Last Edited: 7 days ago

Geopolitical Reconfiguration: The EU in a volatile new World - the challenge of global leadership

Scenarios and Policy Implications

Background

An increasingly volatile global geopolitical context is emerging with growing threats not only to global security and governance but also to the EU and neighbourhood countries. Developments in the world and NATO point to Europe’s vulnerability – one that has long been explained, but had yet to be taken seriously. The Russian invasion of Ukraine brought home the realization that the world system is at a crossroads. Talk of multi-polarity, turbulence and possible configurations of the global system has combined with the concern about the future actorness of the EU, or as the 2021 Strategic Foresight Report of the European Commission puts it: “the EU’s capacity and freedom to act”.

If new international blocks and confrontations emerge, this disruption might even go beyond Europe, threatening traditional values, as well as lives and material prosperity of many. While the sudden changes are pushing the EU to reassess its defense capabilities and take a military stance by providing weapons to Ukraine, they must also be seen against the backdrop of an accelerating climate crisis. Impacts of climate change are a direct threat to many regions in the EU, but they also put indirect pressure on migration and the economy. As the war is fueling climate change drivers, many Europeans are torn between contradictory moods: indifference and solidarity, fragmentation and cohesion, empowerment and desperation.

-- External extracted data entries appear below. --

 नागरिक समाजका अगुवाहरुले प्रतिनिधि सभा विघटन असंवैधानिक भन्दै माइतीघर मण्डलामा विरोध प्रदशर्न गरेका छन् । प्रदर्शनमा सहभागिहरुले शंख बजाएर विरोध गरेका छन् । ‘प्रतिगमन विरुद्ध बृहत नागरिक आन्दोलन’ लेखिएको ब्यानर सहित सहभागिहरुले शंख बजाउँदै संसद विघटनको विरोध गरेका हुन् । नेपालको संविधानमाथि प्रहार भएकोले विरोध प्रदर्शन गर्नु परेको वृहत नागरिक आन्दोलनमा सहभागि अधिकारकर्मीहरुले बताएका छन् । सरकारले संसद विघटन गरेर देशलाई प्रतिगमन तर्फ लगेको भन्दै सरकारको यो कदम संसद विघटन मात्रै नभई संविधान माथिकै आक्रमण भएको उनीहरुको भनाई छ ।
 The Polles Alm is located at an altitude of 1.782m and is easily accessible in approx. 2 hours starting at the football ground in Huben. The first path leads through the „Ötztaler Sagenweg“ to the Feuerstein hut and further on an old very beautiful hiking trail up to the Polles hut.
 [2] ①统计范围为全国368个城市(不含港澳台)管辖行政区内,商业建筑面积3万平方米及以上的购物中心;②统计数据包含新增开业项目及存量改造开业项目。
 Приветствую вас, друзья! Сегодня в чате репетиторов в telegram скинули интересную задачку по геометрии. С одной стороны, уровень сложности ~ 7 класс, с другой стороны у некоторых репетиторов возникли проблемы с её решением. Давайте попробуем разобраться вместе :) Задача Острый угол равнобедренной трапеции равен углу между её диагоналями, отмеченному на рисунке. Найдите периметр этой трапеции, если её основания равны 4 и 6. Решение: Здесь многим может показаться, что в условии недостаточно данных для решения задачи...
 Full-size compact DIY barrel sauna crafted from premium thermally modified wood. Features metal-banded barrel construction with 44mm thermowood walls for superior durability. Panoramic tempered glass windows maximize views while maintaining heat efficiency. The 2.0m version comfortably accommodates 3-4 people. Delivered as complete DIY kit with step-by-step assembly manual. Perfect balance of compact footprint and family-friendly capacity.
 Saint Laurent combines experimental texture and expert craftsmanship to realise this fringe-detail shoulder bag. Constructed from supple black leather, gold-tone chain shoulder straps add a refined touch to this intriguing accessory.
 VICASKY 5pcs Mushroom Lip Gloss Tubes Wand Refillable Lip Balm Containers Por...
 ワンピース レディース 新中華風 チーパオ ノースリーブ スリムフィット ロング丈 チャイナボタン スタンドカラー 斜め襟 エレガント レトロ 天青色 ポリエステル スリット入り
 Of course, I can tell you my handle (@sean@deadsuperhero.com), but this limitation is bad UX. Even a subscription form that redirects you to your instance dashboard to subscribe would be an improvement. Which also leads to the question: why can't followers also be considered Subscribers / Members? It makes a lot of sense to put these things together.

A important driver affecting the EU’s capacity to act is the US foreign policy. Will the US maintain its military influence in Europe, delivering weapons, personnel, and intelligence, as well as pursuing its interests in Eastern Europe or will it take a post-hegemonic position, withdrawing from the continent and leaving conflict resolution up to the EU and the rest of NATO? Such geopolitical reconfigurations are closely entangled with the domestic developments in the US. The EU’s dependence on the transatlantic partnership and NATO is both a source of strength and weakness. As the recent period has shown, an un-cooperative US President and an ambivalent US-China relationship might put the US in a position of dictating terms to the EU in the context of major geopolitical upheaval and reconfigurations, where the rise of new regional powers and the emergence of new actors create uncertainty about future coalitions.

However, the EU is vulnerable along several further dimensions: from access to resources to insufficient capabilities in key technologies including military technologies and dependence on the US for military deterrence, as well as on China for some basic communication technologies. The EU is faced with the urgency of reducing its economic and technological dependencies but the situation remains
delicate in the view of possible shifts in the US government policies and continued dependence on natural resources from other parts of the world. In taking on a more ethical global stance, the EU opens itself up to criticism about double standards and inconsistencies in its policy narratives.

There are already efforts underway to improve the preparedness and make the EU more ‘futureproof’, for instance by anticipating consequences of, and testing responses to, possible shocks and crises. While the EU is frequently assumed to be in a position to claim technological leadership, the arising key question is whether it will rethink its investment focus towards specific dual-use technologies, thus creating capabilities and becoming competitive in the domain of military technologies and industry.

These (and other) uncertainties feed the fear of the future and gives rise to the new geo-political realism: weaponization of everything, increased budgets for deterrence and budget cuts on sociopolitical matters. Accompanying energy shortages and reversing climate neutral energy policies are contributing to the looming economic crisis and societal fragmentation. A central question of the
near and long-term future is: what will the geopolitical power distribution look like?

This report sketches some alternative scenarios of how the geopolitical reconfiguration might evolve in the coming 15 to 20 years. It is based on the work of a team of experts, covering different aspects of geopolitical reconfigurations and future challenges for the EU’s positioning. Next to individual papers as inputs to this report, several virtual and one in-person workshop were organised for further developing and consolidation of the main drivers as well as for developing diverging scenarios on the future of geopolitics and the role of the EU. Additional experts were included in the work as well and consulted to give feedback. A dedicated workshop with EU foresight experts from the Commission services and the member states, helped to provide important insights to complete the scenario development and outline some key policy options.